■ Problem details
Copy, word for word, the lines below from the one containing "TORTURE, TERRORISM, AND" up to and including the one containing "报告结束,张锦院士为郭烈锦院士赠予《彤程材料科学论坛》授课证书并合影留念。", with pictures left out.

■ Listed records
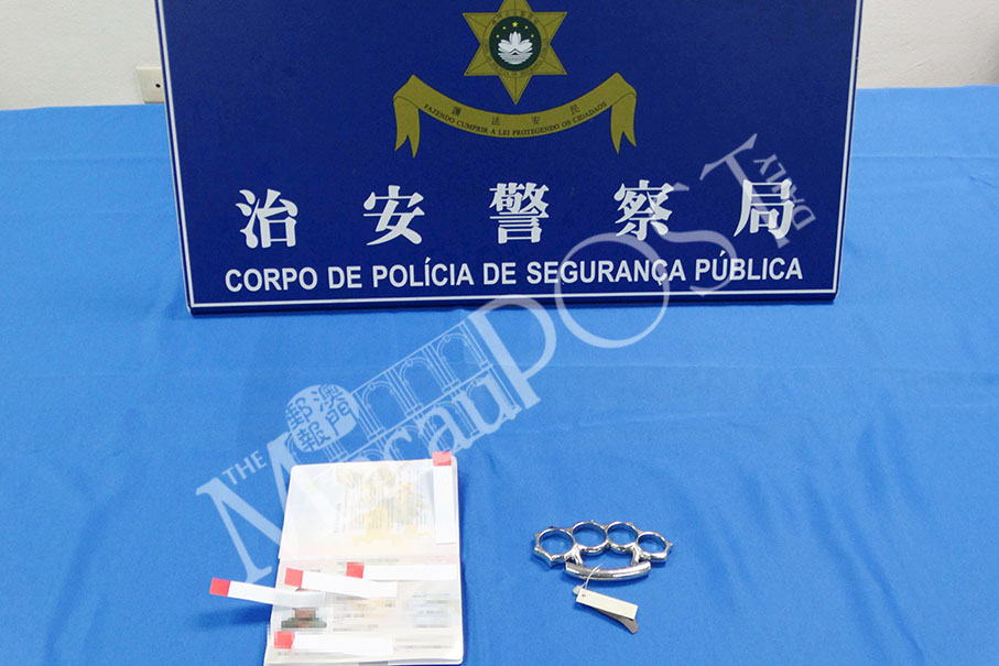 According to the spokesperson, the police identified the suspect as an Indonesian national in his forties surnamed Vernjo. He was found carrying a knuckleduster in his suitcase when he arrived at the airport in Taipa.
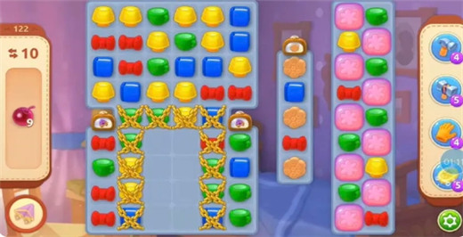 通过图片,可发现本关被分为三个区域,左边是被铁链分割成两边的可自由消除区域,中间为饼干生产机,右边是被果冻包裹的收集目标樱桃区,因为果冻的排列位置,无法在果冻区匹配元素收集樱桃,所以要好好利用道具去收集果冻,本关只有10步,需要谨慎走每一步。(樱桃和果冻:樱桃都被果冻包裹起来,果冻里能直接看到樱桃的只需在其旁边匹配一次元素或者使用一次道具即可收集樱桃,果冻上面有一圈图案的则需两次才可以收集樱桃,果冻上面有一朵花的则需三次才可以收集樱桃
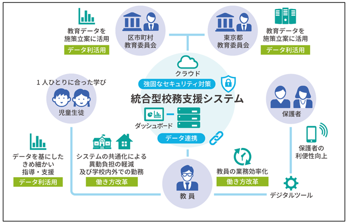 都教委は、都内公立小中学校等の統合型校務支援システムの共通化について、全区市町村と協議を重ね、「次世代校務DX環境の共通化方針」を策定済み。今後、システムの仕様検討・構築を行い、2028年度以降順次、都内で共通化された統合型校務支援システムを導入する予定だ。
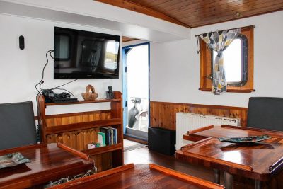 The owners of the M/Y INDEPENDENCE currently live on board and offer their boat as guest accommodation for a unique experience that can accommodate around ten people. You can also easily invite several dozen people on board this boat, which was originally designed to accommodate up to 110 passengers and can support 34 tons of cargo. It is currently registered under the Polish flag as a recreational boat and meets the French NUC standard.
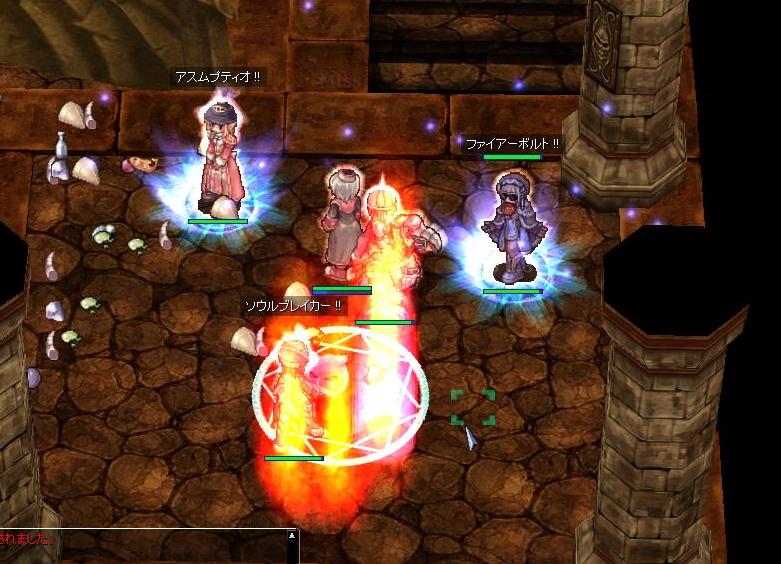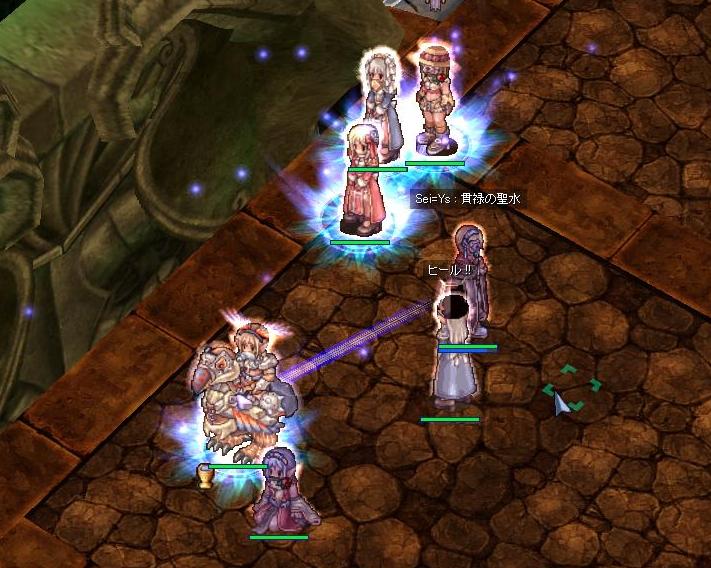 前衛が抱えてSGが展開されているところに剣が寄って来たのですが、SG位置がやや奥だったためこっちにタゲがきちゃって、前衛さんHPさんともにタゲを取り返そうとして・・・と言う感じだったと記憶してます。
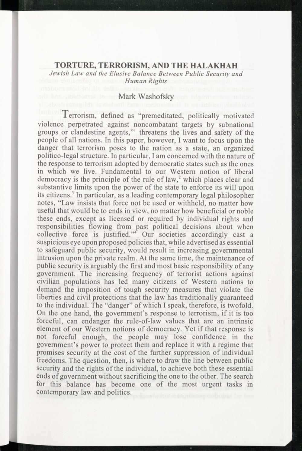 TORTURE, TERRORISM, AND THE HALAKHAH Jewish Law and the Elusive Balance Between Public Security and Human Rights
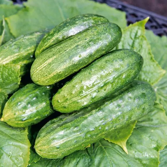 Форма плода овально-цилиндрическая. Кожура светло-зеленого цвета, бугорчатая со светлыми полосами. Вкус классический. Мякоть сочная и плотная. Высокие вкусовые качества. Вес плода 40-50 гр.
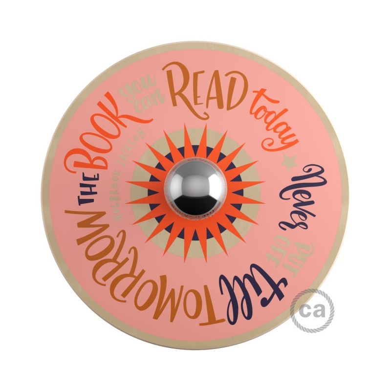 La lámpara de pared con pantalla UFO atraerá a los amantes de la lectura y de las citas inspiradoras. El disco incluye citas de escritores como Jane Austen, Holbrook Jackson, Abraham Lincoln, Honoré de Balzac, Fernando Pessoa, Mary Alcott y otros. Esta lámpara, diseñada en exclusiva para Creative-Cables, sirve para recordar la importancia de la lectura.
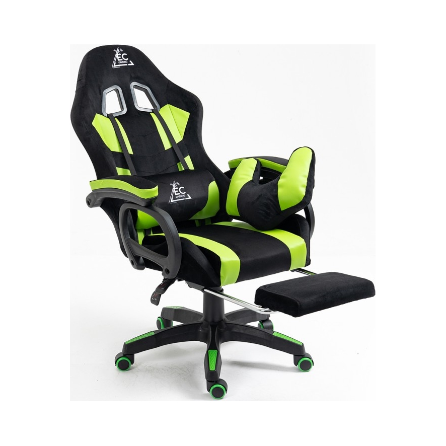 Поворотное игровое кресло «СТУДЕНТ» с подставкой для ног и массажной подушкой, зеленое KO23ZIE
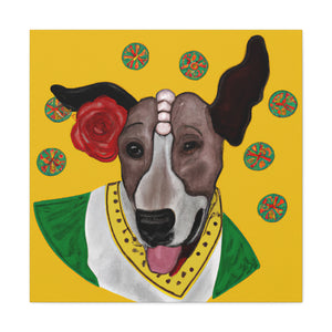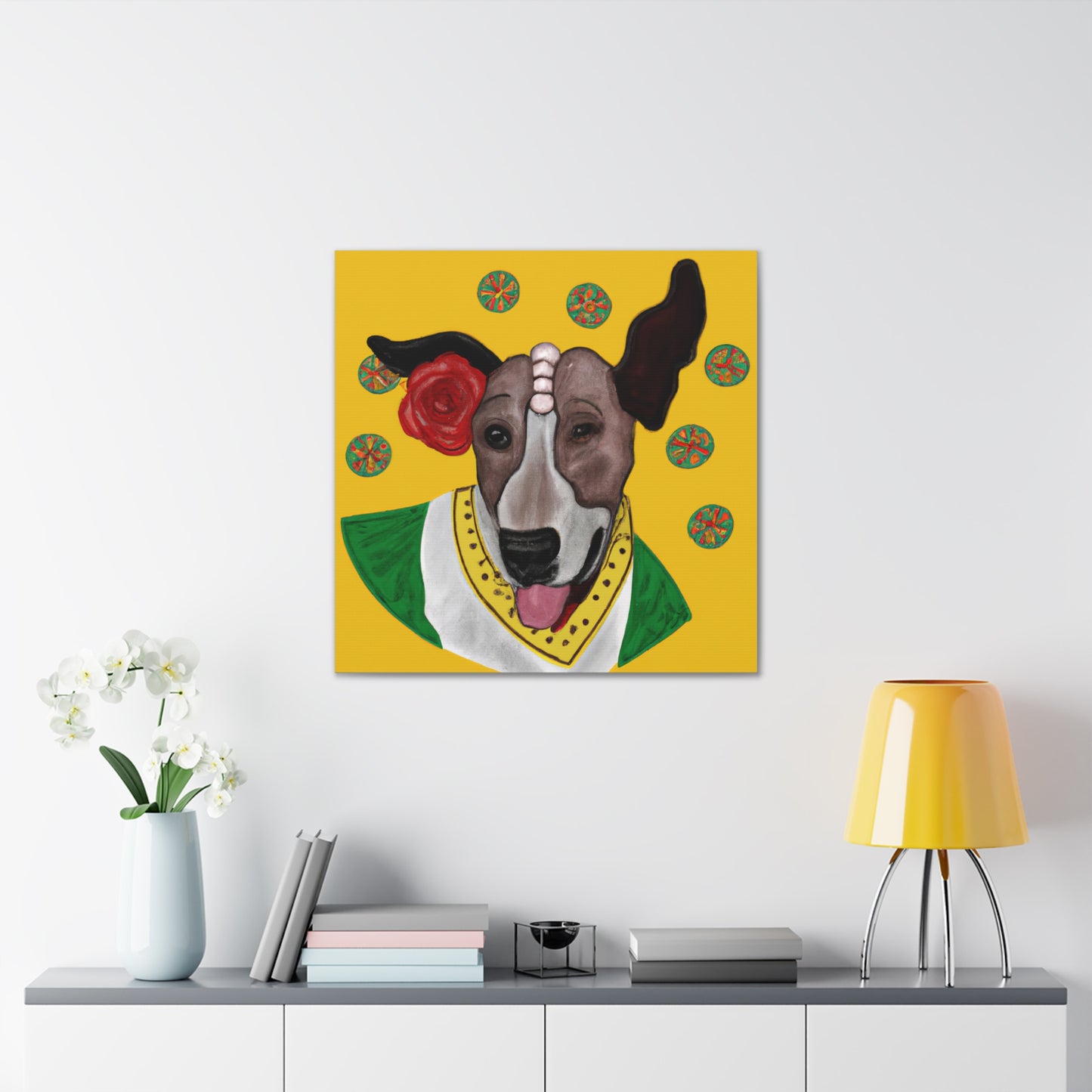 "Happy Dog in Frida Kahlo Inspired Canvas Print" by PenPencilArt
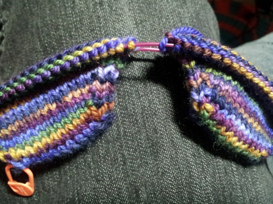 The yarn “cakes” from yesterday are sock toes today. I almost always do them toe-up and the first inch or so is such a pain in the ass – but I really do prefer this method. It’ll get easier when I get past this fiddly part!
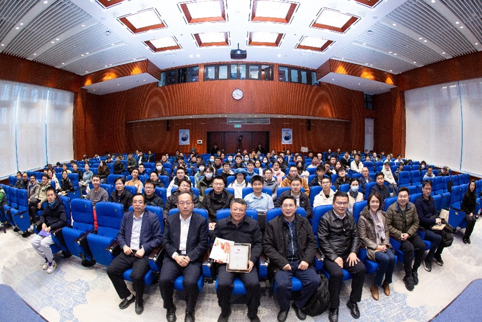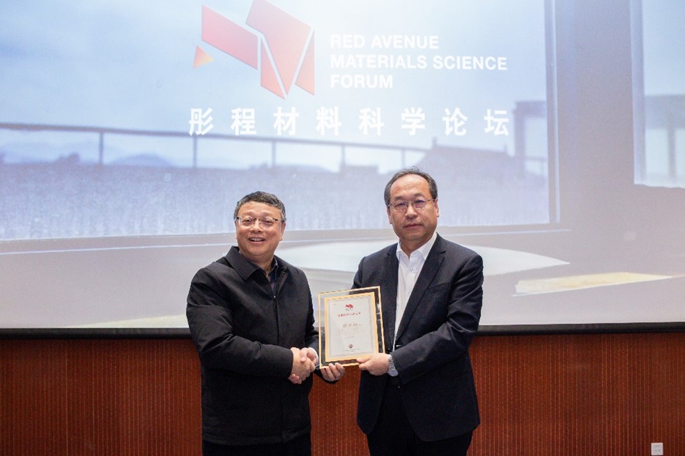 报告结束,张锦院士为郭烈锦院士赠予《彤程材料科学论坛》授课证书并合影留念。
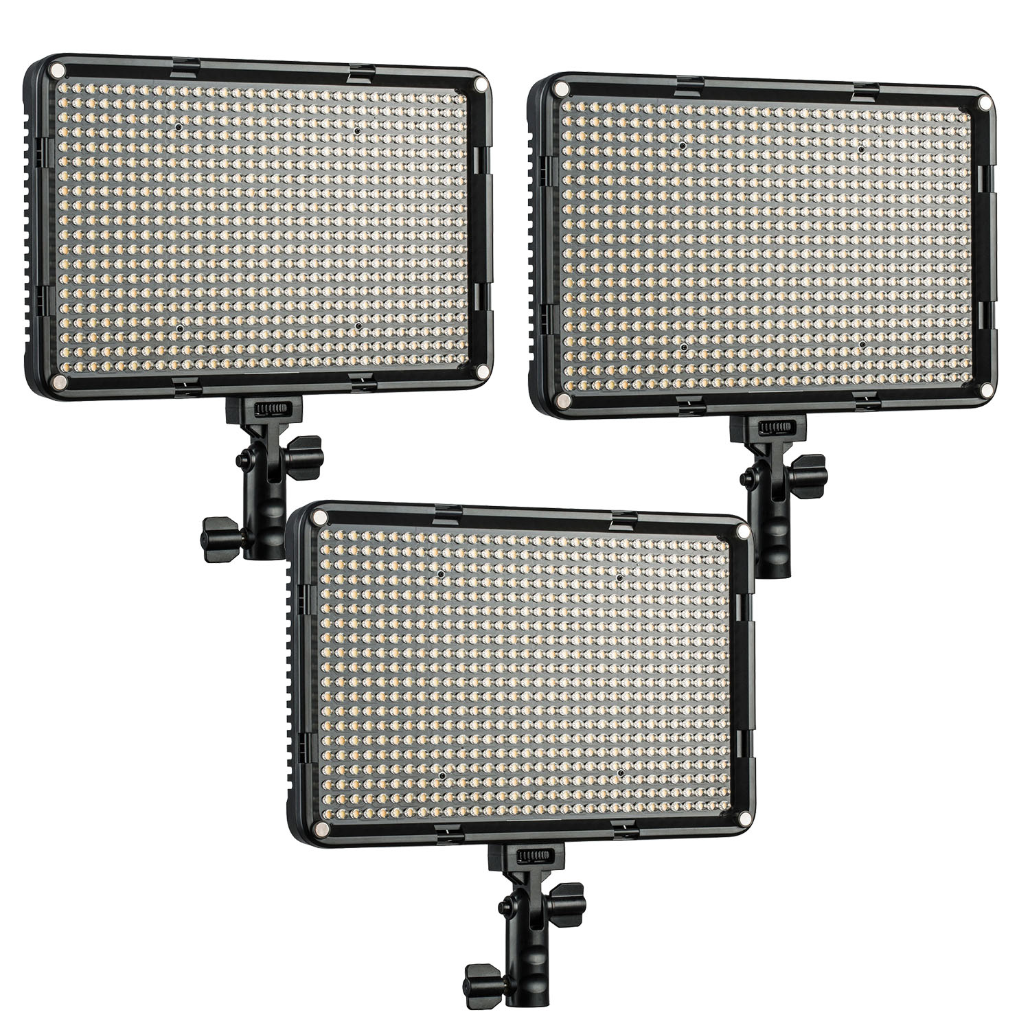 Juego de tres luces Viltrox VL-D640T. Luz LED bicolor de alta intensidad de 45 W con temperatura de color ajustable (en el rango de 3300-5600 K) e intensidad regulable (20-100 %; máx. 4800 lm, 4100 lx/1 m). Ofrece la posibilidad de control remoto inalámbrico (2,4 GHz, mando incluido) y la opción de alimentación mediante baterías recargables (NP-F550 / F570 / F960 / F970, batería no incluida) o fuente de alimentación externa (incluida en el paquete). La configuración de los parámetros se facilita gracias a una pantalla LCD de fácil lectura. Dimensiones: 286 x 190 x 32 mm; peso: 8,5 kg.
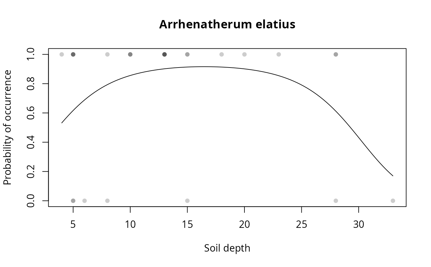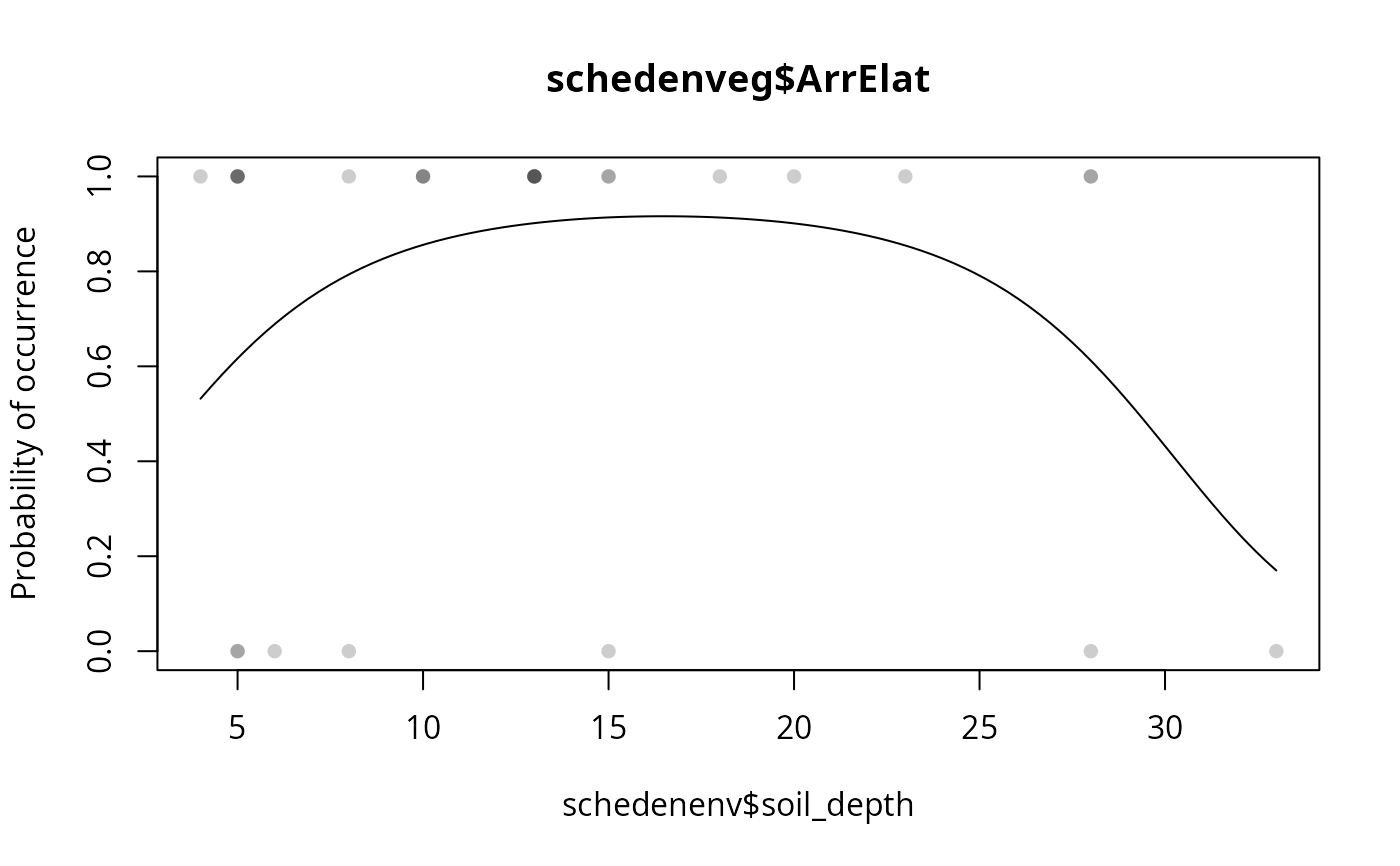 specresponse(schedenveg$ArrElat, schedenenv$soil_depth, points = TRUE)

■ Exercise solution
 TORTURE, TERRORISM, AND THE HALAKHAH Jewish Law and the Elusive Balance Between Public Security and Human Rights
 Форма плода овально-цилиндрическая. Кожура светло-зеленого цвета, бугорчатая со светлыми полосами. Вкус классический. Мякоть сочная и плотная. Высокие вкусовые качества. Вес плода 40-50 гр.
 La lámpara de pared con pantalla UFO atraerá a los amantes de la lectura y de las citas inspiradoras. El disco incluye citas de escritores como Jane Austen, Holbrook Jackson, Abraham Lincoln, Honoré de Balzac, Fernando Pessoa, Mary Alcott y otros. Esta lámpara, diseñada en exclusiva para Creative-Cables, sirve para recordar la importancia de la lectura.
 Поворотное игровое кресло «СТУДЕНТ» с подставкой для ног и массажной подушкой, зеленое KO23ZIE
 "Happy Dog in Frida Kahlo Inspired Canvas Print" by PenPencilArt
 The yarn “cakes” from yesterday are sock toes today. I almost always do them toe-up and the first inch or so is such a pain in the ass – but I really do prefer this method. It’ll get easier when I get past this fiddly part!
 报告结束,张锦院士为郭烈锦院士赠予《彤程材料科学论坛》授课证书并合影留念。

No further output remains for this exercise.